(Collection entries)

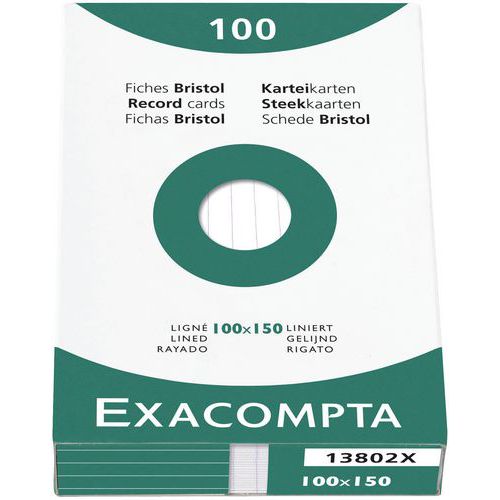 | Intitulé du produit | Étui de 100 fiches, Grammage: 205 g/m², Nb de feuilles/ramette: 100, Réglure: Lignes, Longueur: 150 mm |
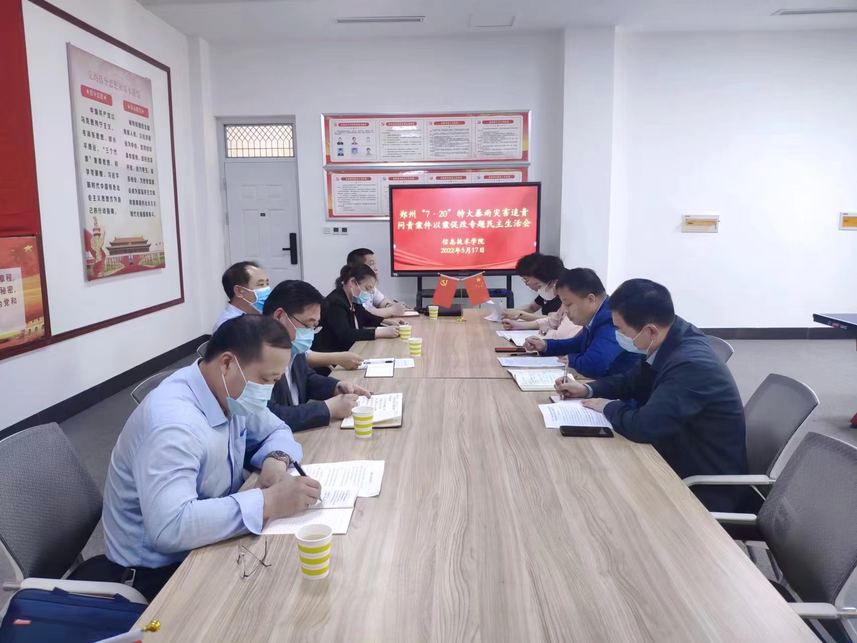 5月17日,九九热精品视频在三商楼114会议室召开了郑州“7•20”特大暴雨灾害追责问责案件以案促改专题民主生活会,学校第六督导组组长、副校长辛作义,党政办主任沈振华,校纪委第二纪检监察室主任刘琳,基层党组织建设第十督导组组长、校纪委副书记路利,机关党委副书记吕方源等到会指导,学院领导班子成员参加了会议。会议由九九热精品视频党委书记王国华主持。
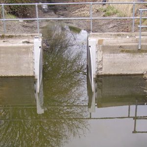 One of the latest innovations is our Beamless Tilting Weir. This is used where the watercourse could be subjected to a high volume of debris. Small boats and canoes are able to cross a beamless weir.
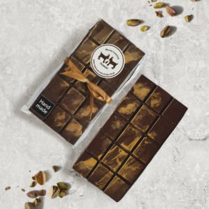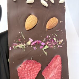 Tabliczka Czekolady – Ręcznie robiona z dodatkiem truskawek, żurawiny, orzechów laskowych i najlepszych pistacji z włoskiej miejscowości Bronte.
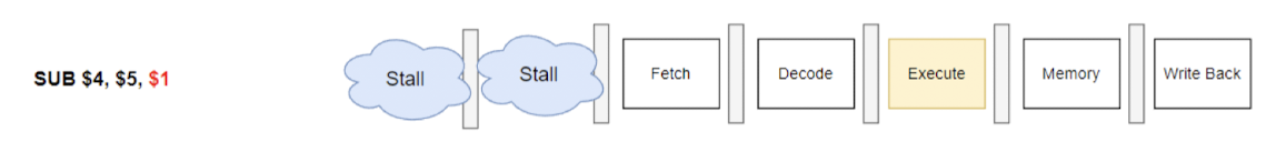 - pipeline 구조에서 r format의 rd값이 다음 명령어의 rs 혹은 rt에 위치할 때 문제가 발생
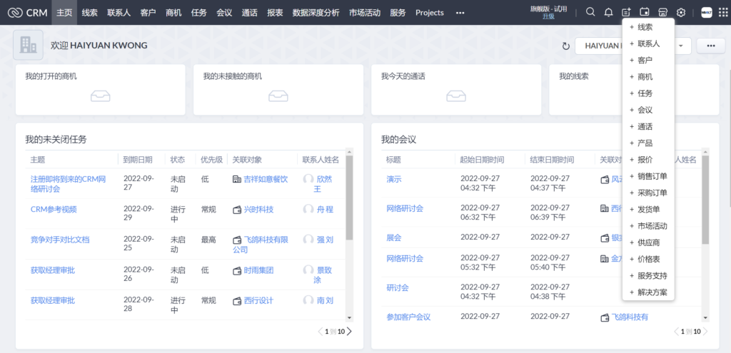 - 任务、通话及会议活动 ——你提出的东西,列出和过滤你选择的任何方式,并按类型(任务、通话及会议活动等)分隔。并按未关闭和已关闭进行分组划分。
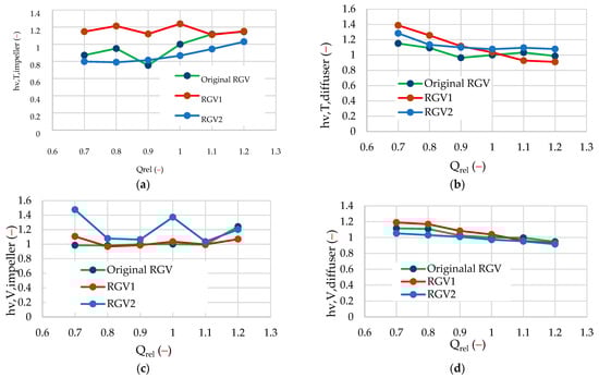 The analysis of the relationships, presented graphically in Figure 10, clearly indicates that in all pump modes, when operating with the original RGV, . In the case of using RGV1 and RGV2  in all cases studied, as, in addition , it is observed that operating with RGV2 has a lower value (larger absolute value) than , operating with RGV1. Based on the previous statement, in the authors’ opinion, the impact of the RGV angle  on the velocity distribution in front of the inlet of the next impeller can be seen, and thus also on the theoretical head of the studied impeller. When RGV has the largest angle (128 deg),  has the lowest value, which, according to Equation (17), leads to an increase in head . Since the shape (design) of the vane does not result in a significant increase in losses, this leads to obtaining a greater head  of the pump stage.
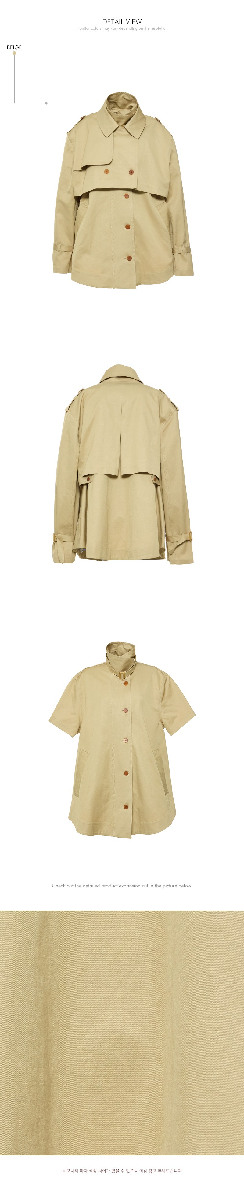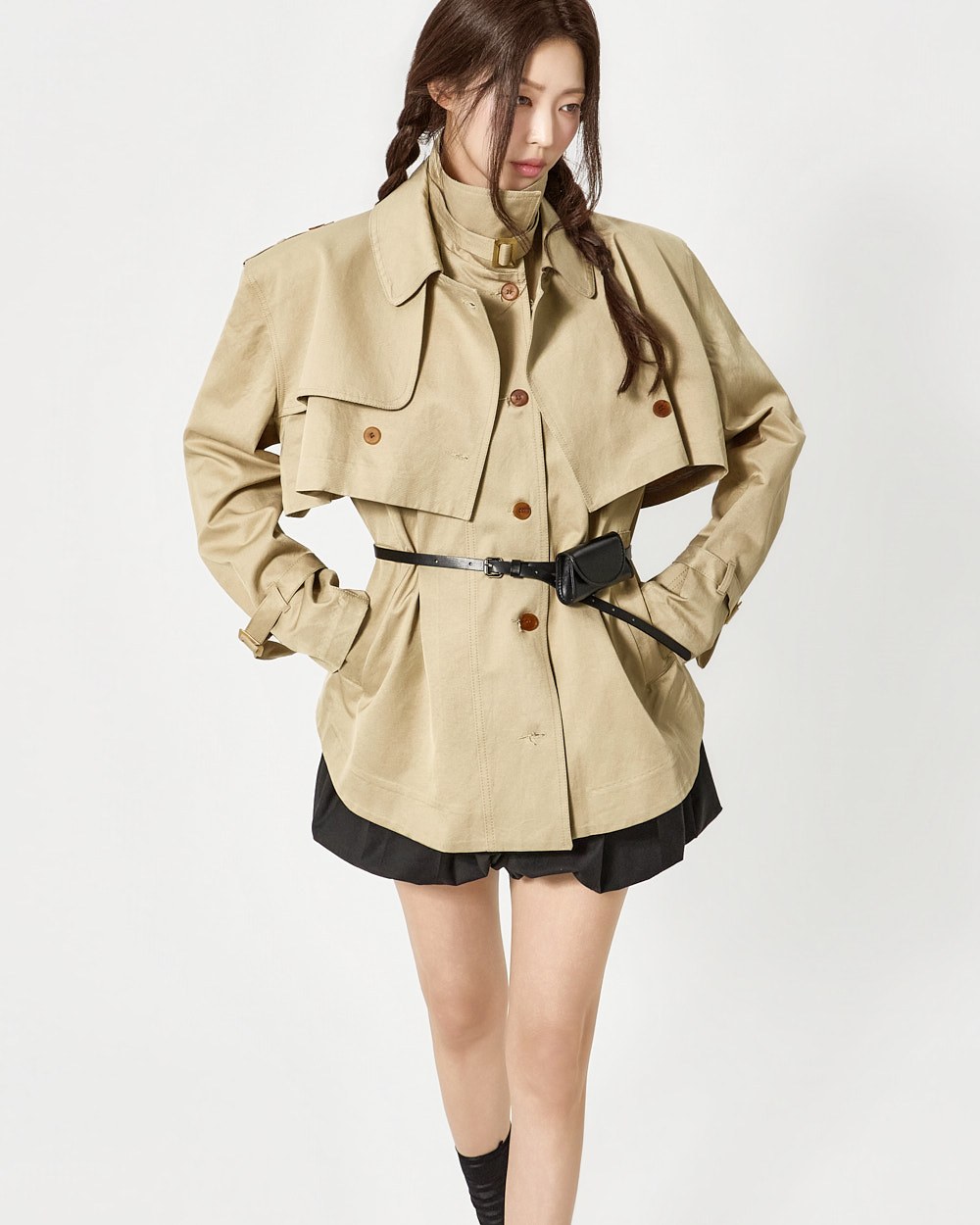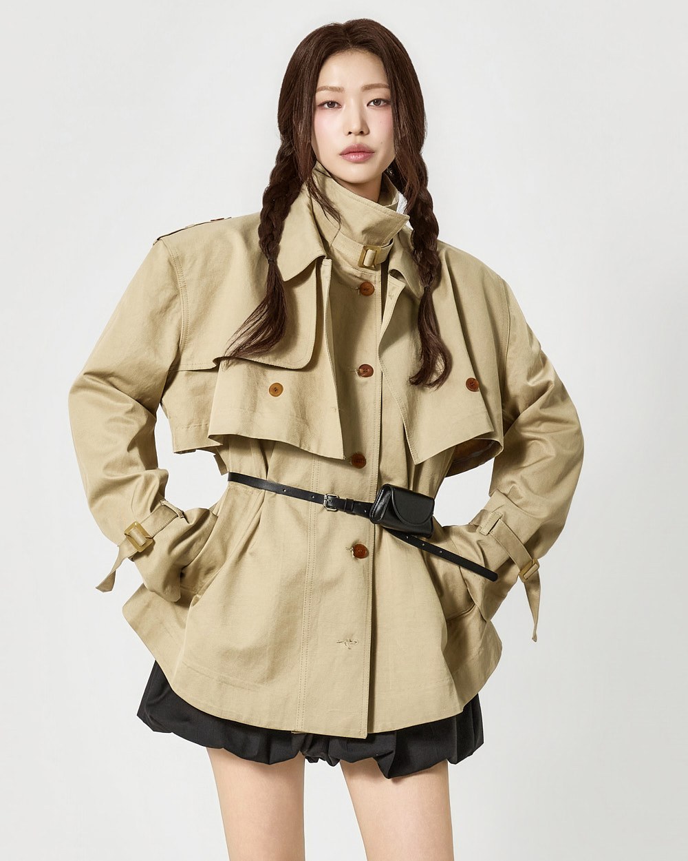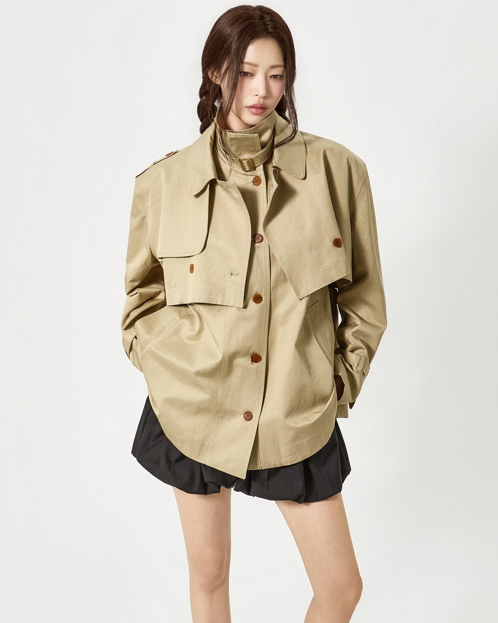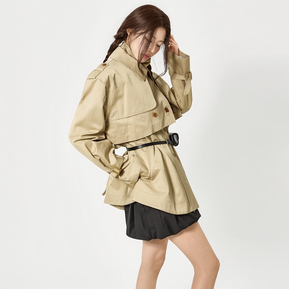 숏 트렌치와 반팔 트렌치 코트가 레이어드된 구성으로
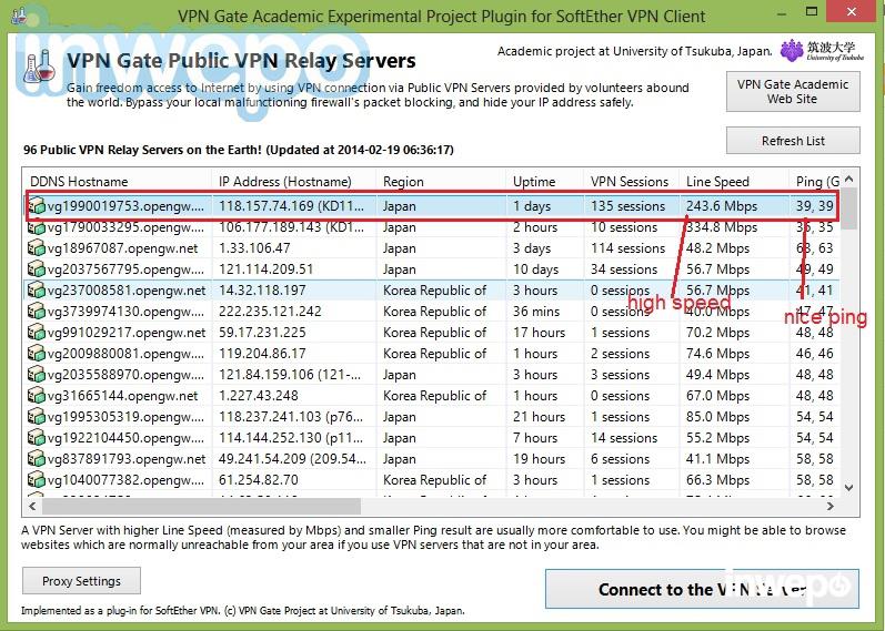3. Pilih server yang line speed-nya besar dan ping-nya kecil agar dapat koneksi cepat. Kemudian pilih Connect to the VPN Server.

PROBLEM REQUIREMENTS: Wherever a picture appears, omit it; copy the rest of the data exactly.

SOLUTION TO THIS PROBLEM:
 | Intitulé du produit | Étui de 100 fiches, Grammage: 205 g/m², Nb de feuilles/ramette: 100, Réglure: Lignes, Longueur: 150 mm |
 5月17日,九九热精品视频在三商楼114会议室召开了郑州“7•20”特大暴雨灾害追责问责案件以案促改专题民主生活会,学校第六督导组组长、副校长辛作义,党政办主任沈振华,校纪委第二纪检监察室主任刘琳,基层党组织建设第十督导组组长、校纪委副书记路利,机关党委副书记吕方源等到会指导,学院领导班子成员参加了会议。会议由九九热精品视频党委书记王国华主持。
 One of the latest innovations is our Beamless Tilting Weir. This is used where the watercourse could be subjected to a high volume of debris. Small boats and canoes are able to cross a beamless weir.
 Tabliczka Czekolady – Ręcznie robiona z dodatkiem truskawek, żurawiny, orzechów laskowych i najlepszych pistacji z włoskiej miejscowości Bronte.
 - pipeline 구조에서 r format의 rd값이 다음 명령어의 rs 혹은 rt에 위치할 때 문제가 발생
 - 任务、通话及会议活动 ——你提出的东西,列出和过滤你选择的任何方式,并按类型(任务、通话及会议活动等)分隔。并按未关闭和已关闭进行分组划分。
 The analysis of the relationships, presented graphically in Figure 10, clearly indicates that in all pump modes, when operating with the original RGV, . In the case of using RGV1 and RGV2  in all cases studied, as, in addition , it is observed that operating with RGV2 has a lower value (larger absolute value) than , operating with RGV1. Based on the previous statement, in the authors’ opinion, the impact of the RGV angle  on the velocity distribution in front of the inlet of the next impeller can be seen, and thus also on the theoretical head of the studied impeller. When RGV has the largest angle (128 deg),  has the lowest value, which, according to Equation (17), leads to an increase in head . Since the shape (design) of the vane does not result in a significant increase in losses, this leads to obtaining a greater head  of the pump stage.
 숏 트렌치와 반팔 트렌치 코트가 레이어드된 구성으로
3. Pilih server yang line speed-nya besar dan ping-nya kecil agar dapat koneksi cepat. Kemudian pilih Connect to the VPN Server.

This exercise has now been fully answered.